Anayasa mahkemesi Meslek Odalarında seçilmeye sınır getiren 5174 sayılı kanunun ilgili maddelerini iptal etti. Bu iptaller ile odalar kanunundaki iki defa seçilebilme şartı kaldırılmış oldu. Eski yönetimlerin Odalardaki seçimlere katılabilmesi için de Bakanlar Kurulu Kararı ile seçimlere hazırlık için ek süre verildi. Hemen bütün odaların yönetimleri tekrar aday oldular. Anayasa Mahkemesi yanlış karar vermiştir. Temel yanlış, Odaların kuruluş ve işleyişini göz ardı ederek seçimlerini normal seçme/seçilme hakları gibi görmesinden kaynaklanıyor.

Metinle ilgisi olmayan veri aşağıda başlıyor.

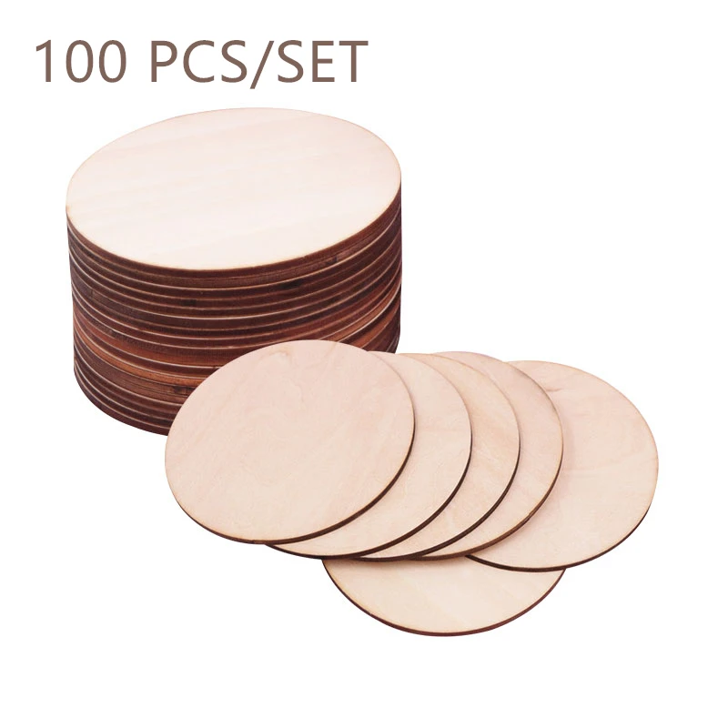 100 шт натуральные круглые деревянные ломтики (по вашему выбору)

İşveren sendikaları, işçi sendikalarına üyelikte zorunluluk yok. Bu kurumlar, üyelerine hizmet götürürse büyür, aksi halde küçülürler. Bu kurumları sivil toplum kuruluşu olarak görmek mümkün. Ama Odalar öyle değil. Odalara üyelik kanunla getirilmiş bir zorunluluk, üye olmaz iseniz mesleğinizi icra edemiyorsunuz. Çiftçilik yaparsanız, ziraat odasına kayıt ol deniliyor. Berberlik yaparsanız, git berberler odasına kayıt ol deniliyor. Kayıt oluyorsunuz mecburen aidat ödüyorsunuz. Küçük bir zeytinyağı çıkarma tesisi, Borsaya, Ticaret Odasına, Sanayi Odasına aidat ödeme durumunda. Aidatı aksattınız mı gelsin faiz ve cezalar.
Bu küçük zeytinyağı tesisinin saydığım üç oda ile hiçbir ilgisi yok, hizmet üretimi yok, ama gel gör ki üye olmak durumundasınız. Genelde bu odaları ele geçiren bir daha bu oda yönetimlerini başkasına devretmez. Oraları onundur. Gelsin astronomik maaş ve imkânlar.
Böyle zorunlu üyelik Anayasamıza ve evrensel hukuk anlayışına ters bir durum oluşturuyor. Odalara zorunlu olarak kayıt kaldırıldığı takdirde hem aidatlar ve hem de hizmet bedelleri üyeler tarafından belirlenecek, böylelikle odaların hesaplarında astronomik para birikimi oluşmayacaktır. Kayıt tercihe bağlı olursa odalar üyelerine karşı hizmet üretiminde yarışırlar. Üyelerine nasıl daha fazla yararlı olunabileceği düşünülür, yönetim olügopolleri oluşmaz.
Bu zorunlu üyelik dolayısı ile oda seçimlerine ilgisizlik, olügopol oluşumunu da kolaylaştırıyor. Hükümet, Odalarda istenildiği kadar seçimlere girebilmek durumunu makul görebilir, o zaman zorunlu üyelikleri ön gören yasaları değiştirir. Odalar da hizmet karşılığı ücret alan, üyelerinin beğenisini kazanmaya çalışan, Batılı anlamda Sivil Toplum Kuruluşları olurlar.